To address the issue of clonal exhaustion in humans, we monitored HLA class I-restricted, epitope-specific CTL responses in an in utero HIV-1-infected infant from 3 mo through 5 years of age. Serial functional CTL precursor assays demonstrated persistent, vigorous, and broadly directed HIV-1 specific CTL activity with a dominant response against an epitope in HIV-1 Gag-p17 (SLYNTVATL, aa 77–85). A clonal CTL response directed against the immunodominant, HLA-A*0201-restricted epitope was found to persist over the entire observation period, as shown by TCR analysis of cDNA libraries generated from PBMC. The analysis of autologous viral sequences did not reveal any escape mutations within the targeted epitope, and viral load measurement indicated ongoing viral replication.
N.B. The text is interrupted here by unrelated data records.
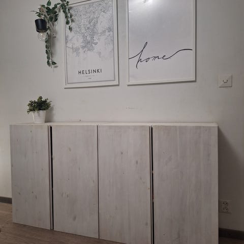 Hyvässä kunnossa oleva Ikean Ivar täyspuinen (mänty) kaappi ja hyllykkö. Itse maalattu läpikuultavan valkoiseksi. Mitat suuntaa-antavia
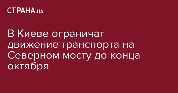 В Киеве до 28 октября вновь частично ограничат движение транспорта на Северном мосту в направлении Троещины. Об этом сообщает пресс-служба КГГА со ссылкой на сообщение Киевавтодора в среду, 19 сентября.
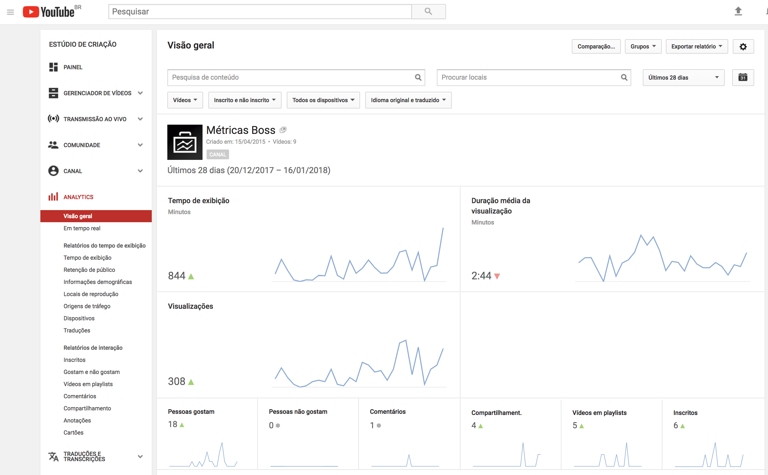 O YouTube Analytics oferece um conjunto abrangente de análise para ajudá-lo a medir o quão bem os seus vídeos estão, e onde você pode melhorar.
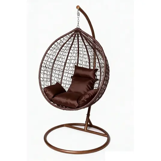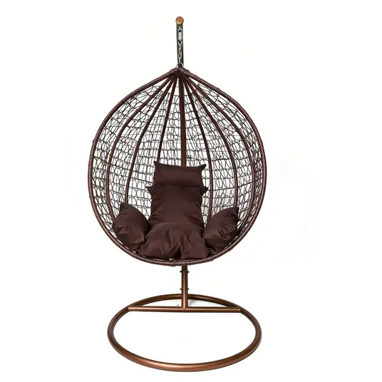 stilā ar šo brūno PE rotanga karājamo šūpuļkrēslu ar statīvu. Piemērots
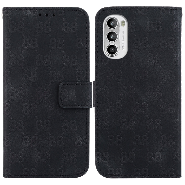 Estuche para Motorola Moto G52 de Cuero En Relieve con Doble Forma de 8 (Negro)
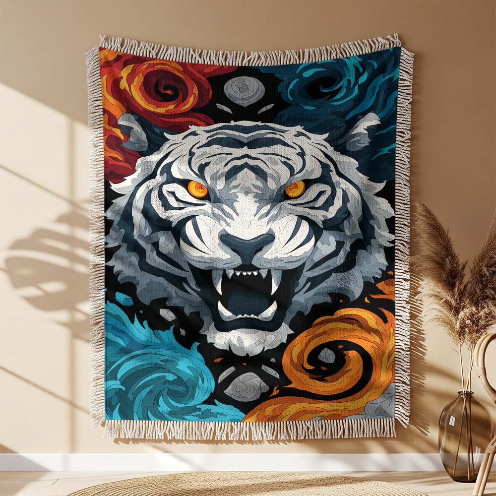 Couverture Tissée Tigre Blanc
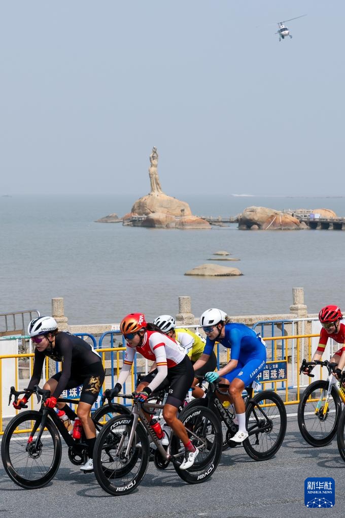 11月9日,参赛选手在比赛中经过珠海城市地标景观“珠海渔女”。
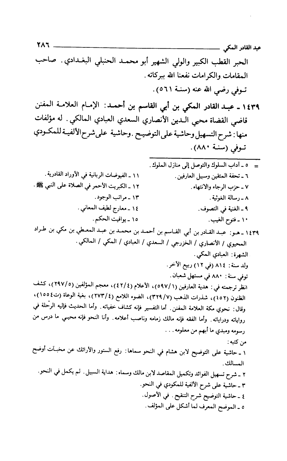 عبد القادر المكي بن أبي القاسم بن أحمد: الإمام العلامة المفنن قاضي القضاة محيي الدين الأنصاري السعدي العبادي المالكي. له مؤلفات منها: شرح التسهيل وحاشية على التوضيح. وحاشية على شرح الألفية للمكودي. توفي سنة 880.
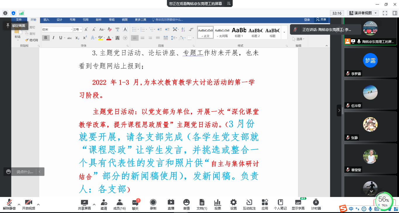 本次会议,副院长陶铭老师对本学期近期的相关工作进行详细的部署和安排。例如:教育教学大讨论第一阶段工作、广东省特支教学名师申报工作、教学大纲调整工作、招生工作、教学管理方面的工作等等。陶铭老师还对前3周在线教学工作中出现的问题进行了总结,提醒各系(部)主任及课程组长务必提醒组内老师严格按照课表上课,做好个人防护的同时,保证教学质量。各系(部)主任及课程组长积极响应,纷纷表示要在当前疫情防控的特殊阶段,认真做好各项工作,为后续工作的顺利开展起到推进作用。
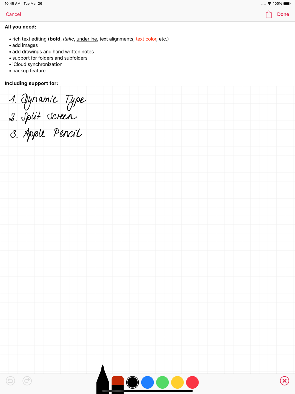 - rich text editing (bold, italic, underline, text alignments, text color, etc.)

Furthermore, inhibition of viral replication assays indicated that the epitope was properly processed from autologous viral protein. These data demonstrate that persistent exposure to high levels of viral Ag does not necessarily lead to clonal exhaustion and that epitope-specific clonal CTL responses induced within the first weeks of life can persist for years without inducing detectable viral escape variants.